A teologia paulina protestante no ocidente foi totalmente desenvolvida dentro de uma perspectiva de culpa interior e arrependimento, desde Agostinho, passando por Lutero e chegando até mesmo a Bultmann; isto é, aquilo que Paulo escreveu foi interpretado à luz da experiência pessoal de Agostinho e, principalmente, Lutero. O reformador alemão achava que Paulo, o judeu, lutava com seus pecados internos como ele, Lutero, lutava; achava que Paulo era como um católico atribulado pela culpa trazida pela lei que, ao encontrar o cristianismo, deixou o seu antigo eu para trás (junto com todo o sistema judaico, o qual ele interpretava como sendo legalista e exterior), e se libertou da condenação da lei através da graça do evangelho.
"A interpretação que os reformadores fizeram de Paulo repousa sobre um analogismo onde as declarações paulinas sobre fé e obras, lei e evangelho, judeus e gentios são lidas no quadro da piedade medieval tardia. A Lei, a Torá, com seus requisitos específicos de circuncisão e restrições alimentares, torna-se um princípio geral de "legalismo" em assuntos religiosos. Onde Paulo estava preocupado com a possibilidade doa gentios serem incluídos na comunidade messiânica, suas declarações agora são lidas como respostas à busca de segurança sobre a salvação do homem." (Krister Stendahl (1963), The Apostle Paul and the Introspective Conscience of the West.
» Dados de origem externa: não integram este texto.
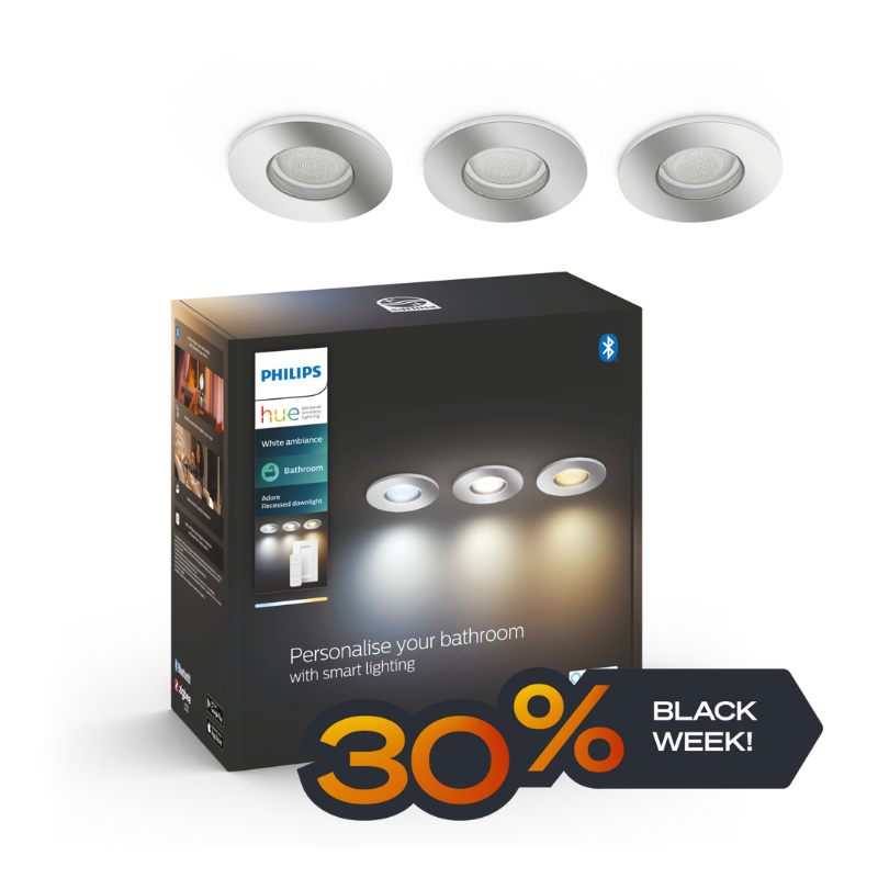 Philips Hue Adore er en serie intelligente lamper til baderommet i Hue belysningssystemet. Disse Downlightene har et slankt design som er den perfekte løsningen for å skape et diskret og moderne uttrykk i belysningen på baderommet ditt.

Harvard Theological Review, 56, pp 199-215).
Contudo, ao lermos as cartas de Paulo, percebemos que ele nunca teve problemas com seus pecados quando ainda era um adepto da seita dos fariseus. O apóstolo afirma que era perfeito em seu judaísmo, e isso com certeza envolvia o sacrifício no Templo para perdão de pecados. O que Paulo mudou foi sua visão sobre a vinda do Messias e o que isso significava para a lei na inclusão de gentios dentro do povo de Deus. O que Paulo jogou fora não foi a lei em si, mas o papel que a lei tinha na separação étnica entre judeus gentios. Contudo, ao falar de sua conduta no farisaísmo antes de virar um adepto da seita dos nazarenos, Paulo afirma que era exemplar, e não demonstra nenhum problema com culpa interior por causa de uma consciência pesada devido aos seus pecado:
"Se alguém pensa que tem razões para confiar na carne, eu ainda mais: circuncidado no oitavo dia de vida, pertencente ao povo de Israel, à tribo de Benjamim, verdadeiro hebreu; quanto à lei, fariseu; quanto ao zelo, perseguidor da igreja; quanto à justiça que há na lei, irrepreensível." (Filipenses 3:4-6 NVI)
Mesmo em Romanos 7, o assunto não é o sentimento de culpa interior causado pela lei, mas a razão pela qual a lei não pôde livrar o homem do pecado de Adão.
Assim, Paulo não viu o seu judaísmo como ficando para trás com a vinda de Jesus. Na realidade, o surgimento do Messias era justamente o cumprimento de toda a expectativa de Paulo quanto ao seu judaísmo. Especificamente sobre o Templo, me parece que Paulo, apesar de toda a sua teologia sobre a redenção e ablação na morte de Jesus, ainda via o Templo como algo extremamente importante, e Jerusalém como central para a sua fé. Paulo não joga a lei fora, ele apenas diz que um aspecto dela já não valia mais porque o Messias havia chegado, e isso atualizava algumas coisas.